Final police tally confirms 6,583 fell victim to 8 Aum-related crimes

Japan Today/December 21, 2010

Tokyo - The National Police Agency said Monday it has confirmed that a total of 6,583 people fell victim to the 1995 sarin gas attack on the Tokyo subway system and seven other crimes committed by the Aum Shinrikyo cult, as it closed Friday accepting their applications for government relief.

Of the total, 6,084 victims or bereaved relatives, or 92 percent, have filed for compensation with the central government under the law enacted in June 2008 to enable the state to pay damages to them on behalf of the bankrupt cult organization, now known as Aleph.

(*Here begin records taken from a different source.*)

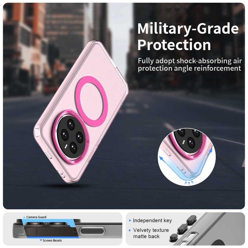 UltraGuard Matte MagSafe Case giver en perfekt balance mellem beskyttelse og slankt design til din Honor Magic7. Dette slanke letvægtsetui er fremstillet af en holdbar blanding af TPU- og PC-materialer. Den matte, gennemskinnelige finish giver din Honor Magic7 et stilfuldt udseende, samtidig med at der er nem adgang til MagSafe-opladning. Med overlegen beskyttelse mod fald og ridser er det et fremragende valg til daglig brug.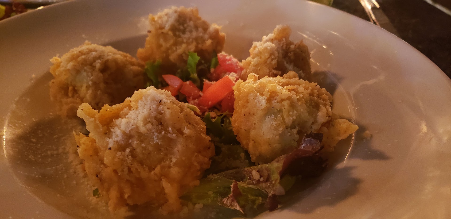 Our food and appetizers came out at the exact same time. Food was not worth the wait. We also never got a refill on the drinks we waited 40 ish minutes for until we hunted down our waiter. I was eating meh food and thirsty. It would have been nice to of had a water or something. I noticed every table had one except us. This makes me think they bring you water once you sat down. We didnât get that luxury.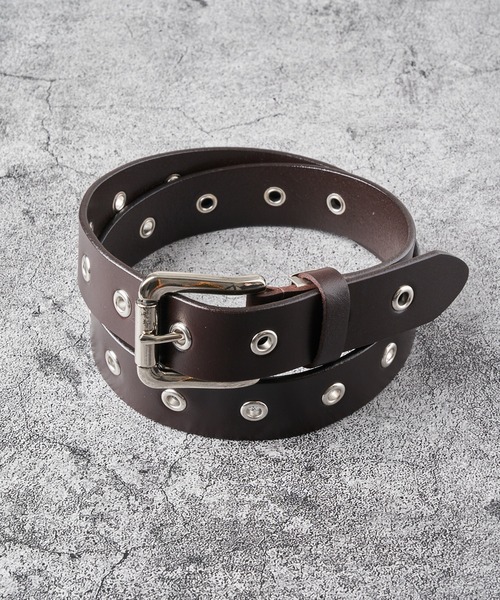 ---豊富なデザインバリエーションが魅力のレザーベルト--- 【素材】 厚みのあるしっかりとした手持ち感あるカウレザーを使用しております。 使い込むことでの経年変化を楽しめ、長く愛着を持ってお使い頂けます。 【デザイン】 存在感ある帯に帆型、スクエア型のバックルを装着。ヴィンテージ加工、フラワースタッズ、ハトメ、スタイリングに合わせてお選びいただけます。 またサイズ調整ができるので、女性の方にもおすすめ。 メンズ、レディース問わずユニセックスでご使用いただけるアイテムです。 【コーディネイト】 普段からジーンズやチノパンを穿いているカジュアルスタイルの方におすすめです。 アメカジスタイルは勿論、カーゴパンツとの相性も良くミリタリーテイストにもピッタリな仕上がりです。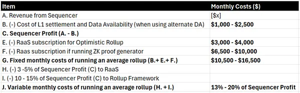 需要注意的是,由於行業的動態特性和特別是在 ZK 方面的團隊努力,RaaS 提供商的訂閱費用可能會進一步降低。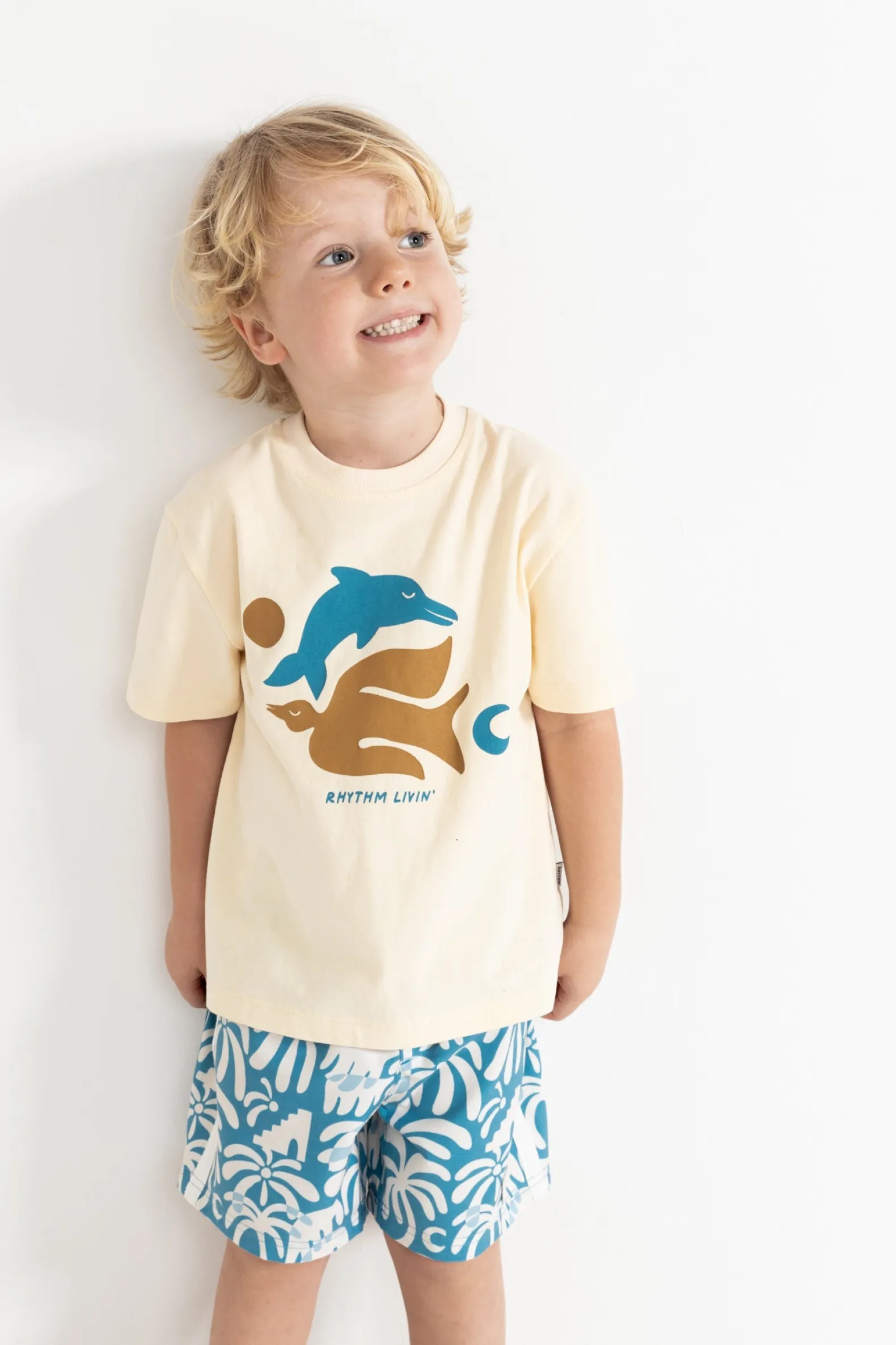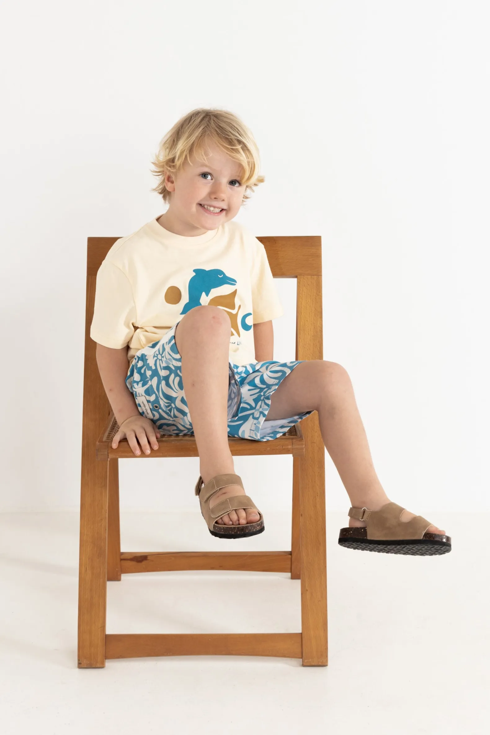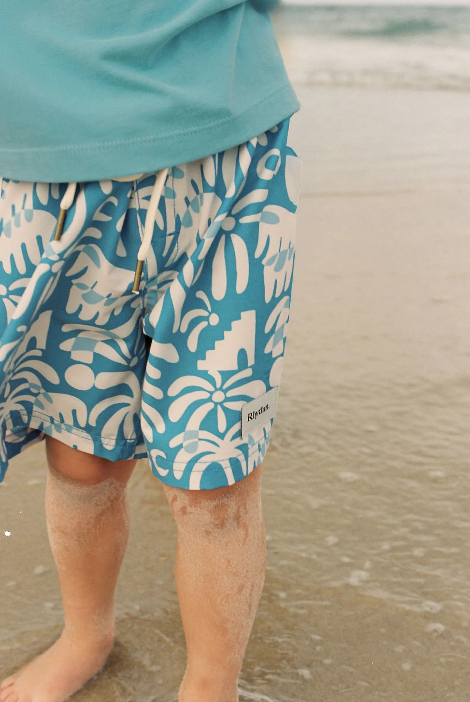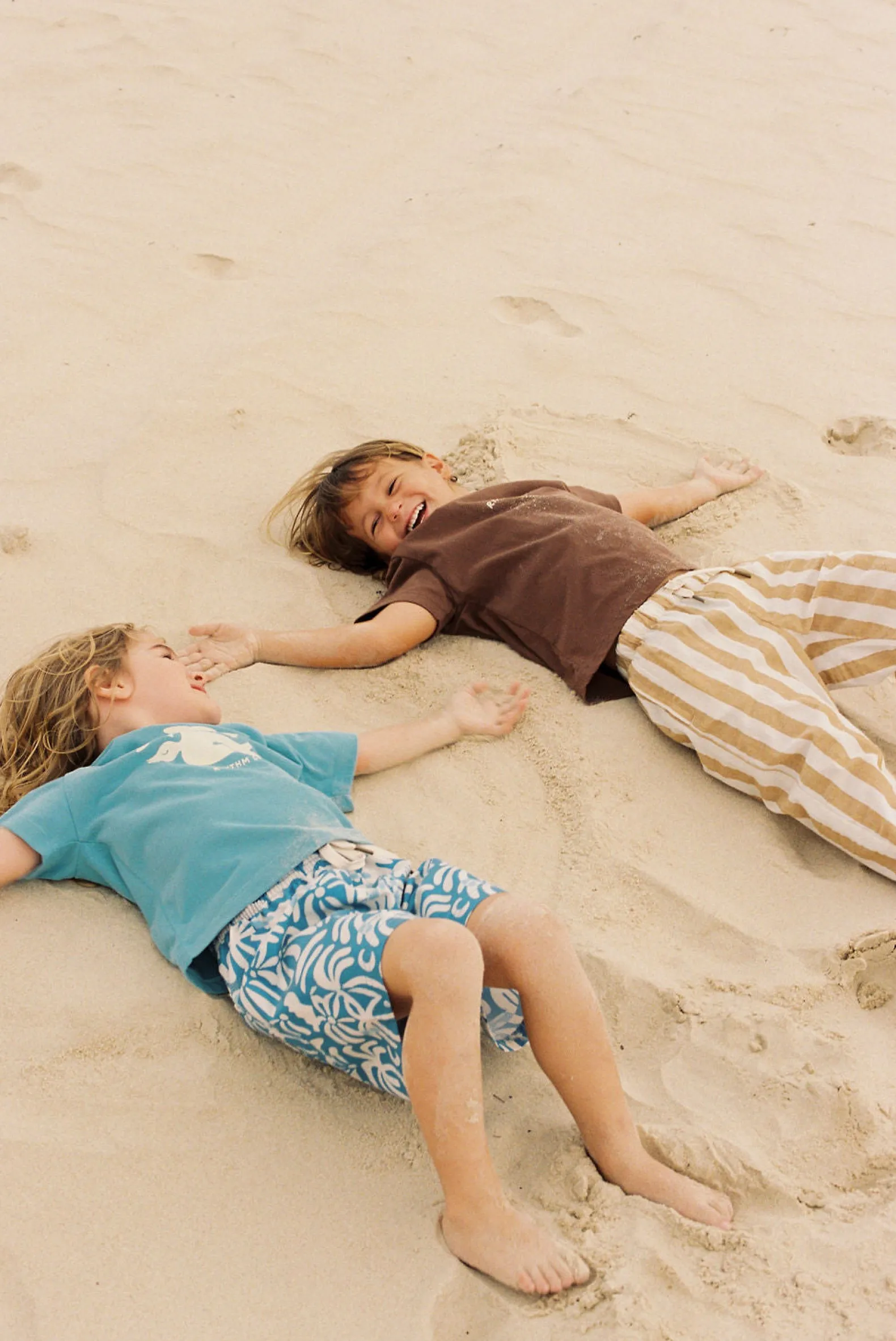 Relaxed-fit elastic-waist shorts in a serene blue hue, crafted for easy movement and carefree play. Perfect for seaside days or backyard adventures.

A total of 424 people declined police suggestion for filing compensation requests, saying they do not want to think about the crimes, while the police have failed to get in touch with the remaining 75 people.

The government has already paid 2,806 million yen in compensation to 5,857 people, according to the agency.

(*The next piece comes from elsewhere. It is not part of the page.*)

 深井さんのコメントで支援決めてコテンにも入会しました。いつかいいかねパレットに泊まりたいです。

Under the law, the bereaved families of those who died in one of the eight cases can receive 20 million yen, while those who were injured can receive 100,000 yen to 30 million yen.

Of the 6,583 people, 6,286 were the victims of the Tokyo sarin attack that took place in March 1995.

It means that the agency has newly found 1,000 or more victims and urged them to file applications for the relief as the number of victims from the incident was believed to be ‘‘more than 5,000'' shortly after the incident.

The agency found out about potentially eligible victims from their investigative reports and documents related to workers' compensation, and suggested they apply for the benefits, it said.

The eight crimes include also the 1994 sarin attack in Matsumoto, Nagano Prefecture, and the 1989 murder of anti-Aum lawyer Tsutsumi Sakamoto and his family.

Since Aum was declared bankrupt in 1996, it has only been able to pay about 1.52 billion yen, or about 40% of the full amount of compensation of 3.8 billion yen that should be paid to the victims of Aum-related incidents.